Hypothesis

During cellular senescence, the gain of H3K27me3 at gene‑rich regions is not a passive consequence of global chromatin loss but is actively driven by a phase‑separated condensate formed between the intrinsically disordered region (IDR) of EZH2 and residual LMNB1 fragments at the nuclear periphery. This condensate concentrates EZH2 activity, enabling localized H3K27me3 deposition despite overall LMNB1 depletion. Disrupting the EZH2‑IDR/LMNB1 interaction should prevent the paradoxical H3K27me3 gain, block senescence‑associated heterochromatic foci (SAHF) formation, and attenuate the senescence‑associated secretory phenotype (SASP) without affecting global LMNB1 levels.

Mechanistic Rationale

• Phase separation as a spatial organizer: Recent work shows that many chromatin modifiers, including EZH2, contain low‑complexity IDRs that promote biomolecular condensates (3). In senescence, LMNB1 depletion from LADs exposes lamin‑associated chromatin, creating a sticky scaffold that can nucleate EZH2 IDR‑dependent droplets.
• Coupling to H3K27me3 activity: Within these droplets, EZH2’s catalytic SET domain is highly concentrated, increasing its effective concentration toward nucleosomes that become transiently accessible as H3K9me3 and H3K27me3 globally retreat from LADs (1). This explains the observed local H3K27me3 gain at gene‑rich sites while the bulk mark declines.
• Link to SAHF and SASP: SAHFs are thought to lock away proliferation‑promoting genes; however, SASP drivers escape silencing.
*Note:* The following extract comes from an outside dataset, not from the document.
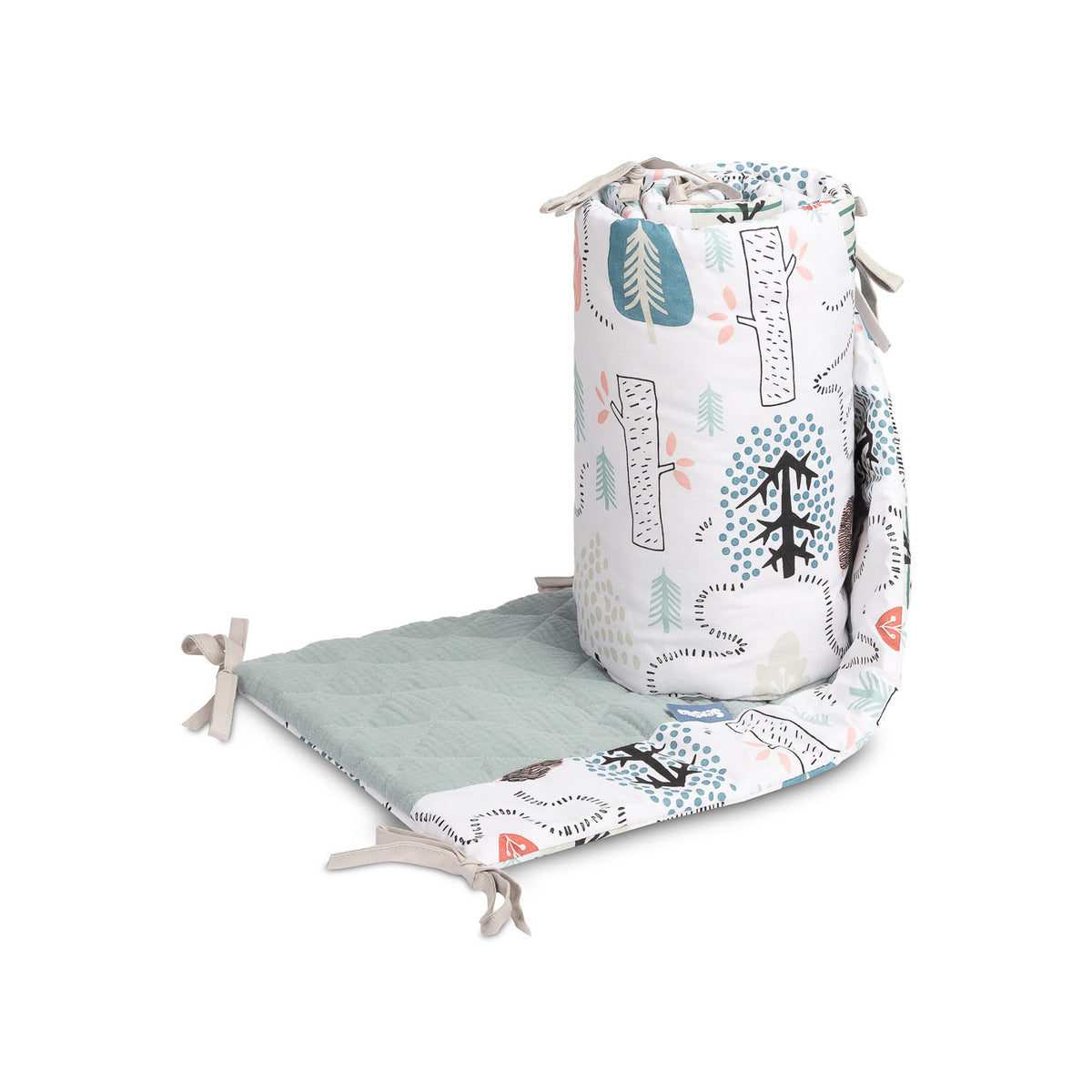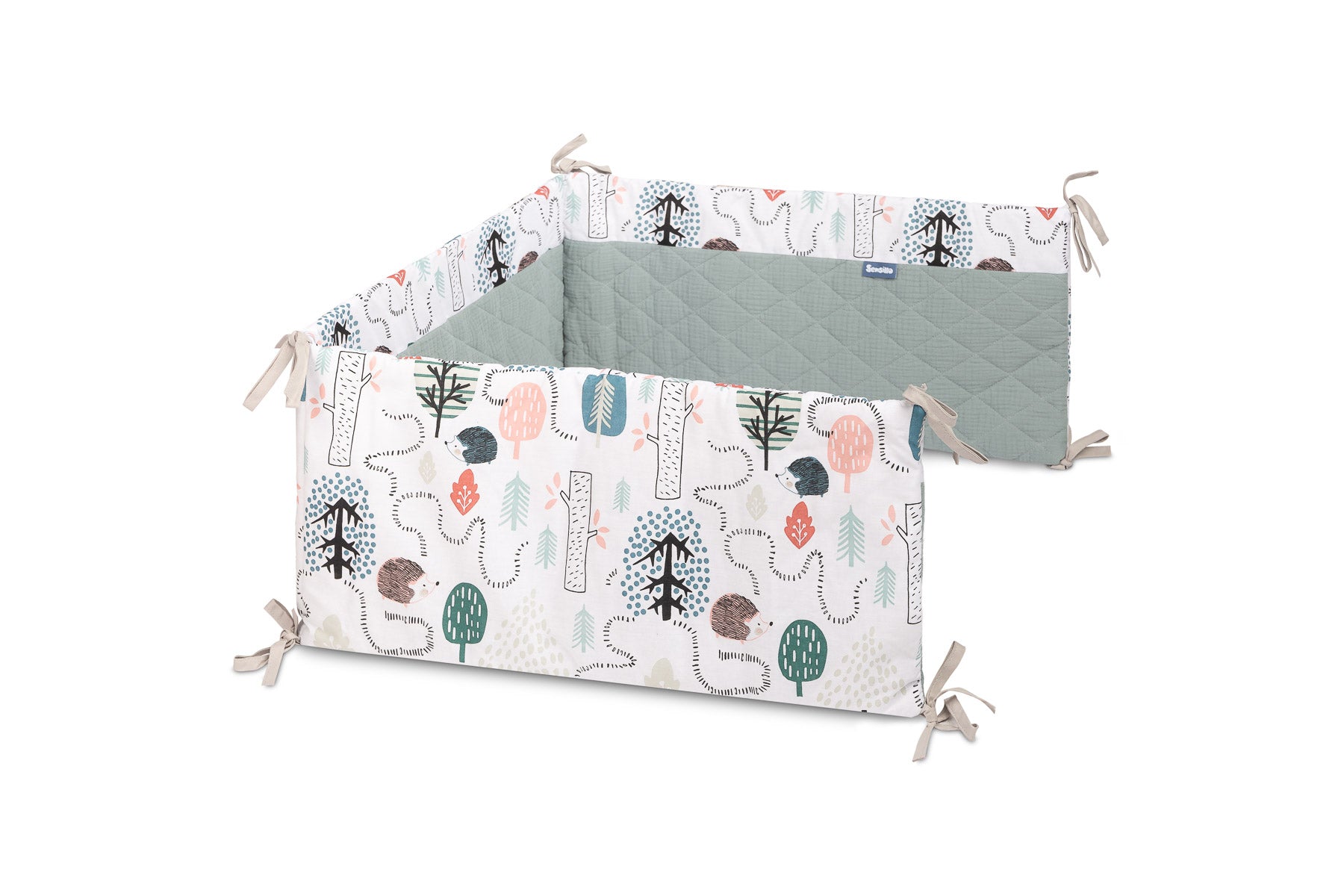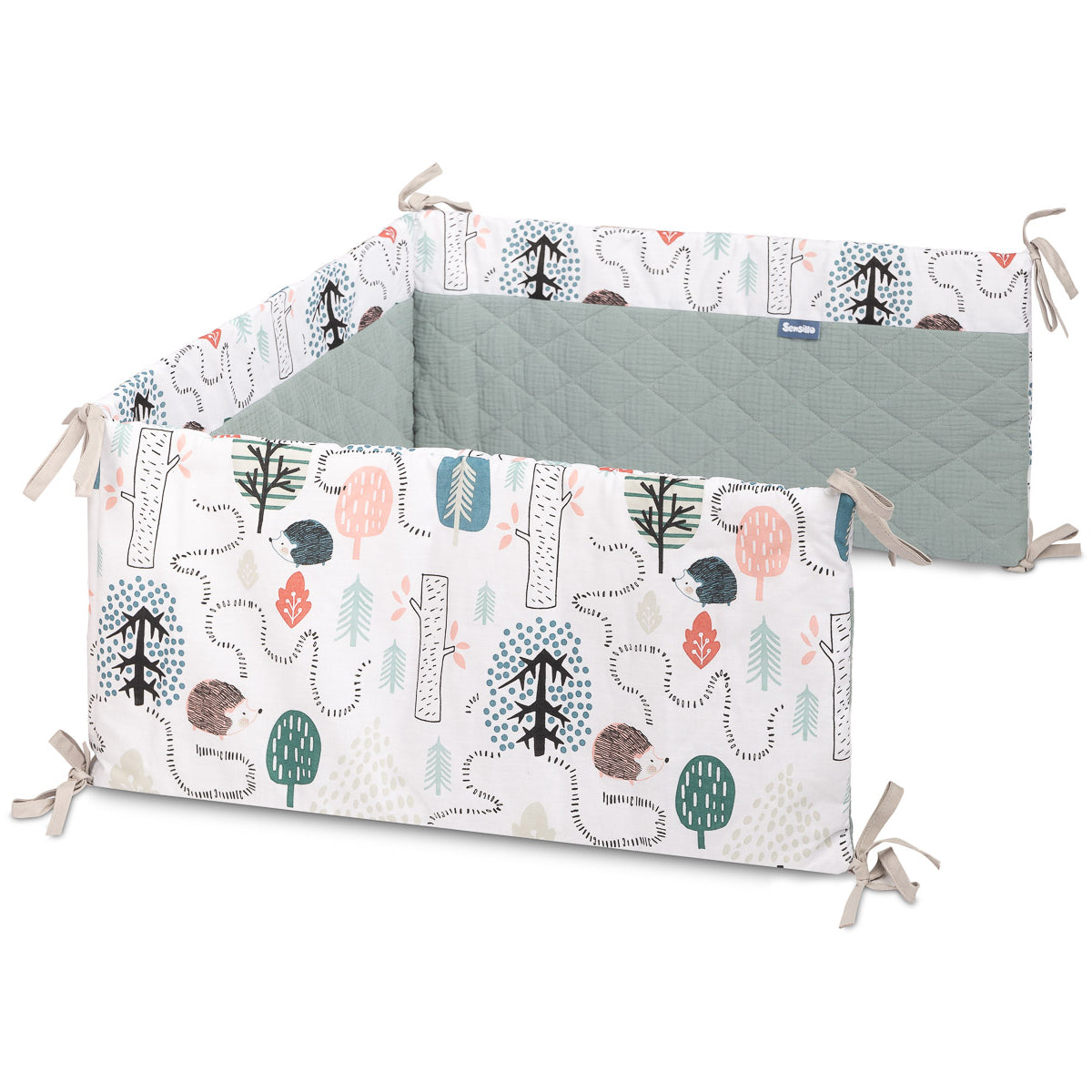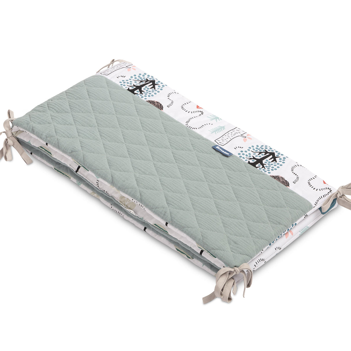Zaštitna obruba za krevetić pristaje svakom standardnom dječjem krevetiću. Obruba je izrađena od mekog tiskanog pamuka i ugodnog muslina na dodir. Punjenje od poliestera zaštitit će bebu od ozljeda tijekom kretanja po krevetiću. Obruba ostaje na svom mjestu zahvaljujući trakama kojima se pričvršćuje na prečke krevetića. Namijenjena je za krevetić dimenzija 120x60 cm. Obruba će biti izvrstan dodatak dječjoj opremi.

If EZH2 IDR‑mediated droplets mislocalize repressive H3K27me3 to SASP promoters, they could fine‑tune rather than fully repress these loci, producing the mixed activation/repression signature observed in senescent cells (4).

Testable Predictions

1. EZH2 IDR mutation reduces focal H3K27me3: Introducing point mutations that disrupt the EZH2 IDR (e.g., deletion of the S‑rich stretch) in human fibroblasts will diminish H3K27me3 ChIP‑seq peaks at gene‑rich regions after irradiation‑induced senescence, while global H3K27me3 levels remain unchanged.
2. SAHF formation is impaired: Immunofluorescence for H3K9me3 and LMNB1 will show fewer and smaller SAHFs in EZH2 IDR‑mutant senescent cells compared with wild‑type controls.
3. SASP attenuation without affecting proliferation arrest: ELISA for IL‑6, IL‑8, and MMP‑3 will reveal a ≥50% reduction in secreted SASP factors, whereas p16^INK4a^ and p21^CIP1^ expression and EdU incorporation remain comparable to wild‑type senescent cells.
4. Rescue by synthetic IDR fusion: Expressing a heterologous IDR (e.g., from FUS) fused to EZH2’s SET domain in the IDR‑mutant background restores focal H3K27me3, SAHF number, and SASP levels to near‑wild‑type phenotypes.
5. Pharmacological disruption: A small molecule that interferes with EZH2 IDR‑LMNB1 interaction (identified via in‑vitro droplet assay) will phenocopy the genetic mutations, providing a therapeutic avenue to modulate senescence without globally inhibiting EZH2 methyltransferase activity.

Falsifiability

If EZH2 IDR mutants show no change in focal H3K27me3, SAHF formation, or SASP secretion relative to wild‑type senescent cells, the hypothesis is refuted. Conversely, if global EZH2 inhibition (e.g., GSK126) phenocopies the IDR mutant effects, it would suggest that catalytic activity, not phase separation, drives the observations, also falsifying the specific mechanistic claim.

Broader Implications

Validating this model would reposition epigenetic dysregulation in senescence from a passive collapse to an active, biophysically driven reorganization. It would highlight IDR‑mediated phase separation as a druggable node to decouple harmful SASP from stable cell‑cycle arrest, offering a strategy to mitigate age‑related tissue dysfunction while preserving tumor suppressor functions.